Al día siguiente, Ji-Cheok escuchó un auto detenerse y miró por la ventana. Un lujoso coche extranjero se acercaba al edificio del dormitorio. Aunque no sabía mucho de autos, podía notar que, aunque parecía un sedán de tamaño medio, en realidad era el doble de espacioso que un coche normal. Tenía un diseño moderno y cuadrado en lugar de las curvas típicas de un deportivo, y la gente le tomaba fotos mientras pasaba. En la parte delantera, Ji-Cheok alcanzó a ver un emblema de marca que claramente se veía caro.
‘Qué auto tan raro. ¿Por qué tiene una forma tan cuadrada?’
El coche se veía caro, pero también extraño. Ji-Han bajó del vehículo y miró directamente hacia la ventana donde Ji-Cheok estaba de pie. Ji-Cheok se sorprendió de que lo hubiera localizado tan rápido, y se preguntó si era por sus habilidades de Despierto.
—Hola, señor Um Ji-Cheok. He venido a recogerlo —dijo Ji-Han desde la ventana abierta.
Ji-Cheok se desconcertó por el hecho de que su empleador viniera personalmente a buscarlo en lugar de enviar a un subordinado. Le pareció un gesto exagerado. Rápidamente se cambió de ropa y bajó. Al acercarse al coche, notó que Ji-Han había conducido él mismo. Pensando que sería de mala educación sentarse solo en el asiento trasero, Ji-Cheok se acomodó en el del copiloto. El auto avanzó tan suavemente que parecía un barco flotando sobre una nube.
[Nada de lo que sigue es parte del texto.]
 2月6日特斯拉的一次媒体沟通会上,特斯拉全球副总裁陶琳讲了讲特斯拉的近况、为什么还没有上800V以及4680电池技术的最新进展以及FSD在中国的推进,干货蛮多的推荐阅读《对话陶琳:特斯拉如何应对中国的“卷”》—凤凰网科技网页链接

—Este coche es tan cómodo… ¿Cómo se siente conducirlo? —preguntó Ji-Cheok.
—En realidad, el asiento del conductor no es tan bueno —respondió Ji-Han.
—Pero el auto es tan caro —dijo Ji-Cheok sorprendido.
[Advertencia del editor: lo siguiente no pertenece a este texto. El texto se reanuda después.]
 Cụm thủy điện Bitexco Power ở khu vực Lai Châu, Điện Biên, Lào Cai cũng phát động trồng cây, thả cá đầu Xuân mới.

—Sí, pero la gente con dinero no conduce coches como este. Se sienta atrás —replicó Ji-Han.
Ji-Cheok quedó confundido. Ji-Han claramente era alguien con dinero, pero aun así estaba conduciendo.
—El contrato de asociación con el equipo comercial del Grupo Jungha ya se ha finalizado. Si nos revelas tus habilidades, te proporcionaremos equipo adaptado a ellas —explicó Ji-Han.
—¿Qué tan específico debo ser? —preguntó Ji-Cheok.
—Mientras más detalles nos des, más precisa será la adaptación del equipo. Bueno, supongo que no importa si no te interesa… pero —dijo Ji-Han girado el volante— una vez que hayas tenido varias experiencias cercanas a la muerte, te darás cuenta de que no tiene sentido mantenerlo todo en secreto. Puedes ocultar una habilidad como carta de triunfo, pero sería mejor que nos dieras todos los detalles sobre tu habilidad principal.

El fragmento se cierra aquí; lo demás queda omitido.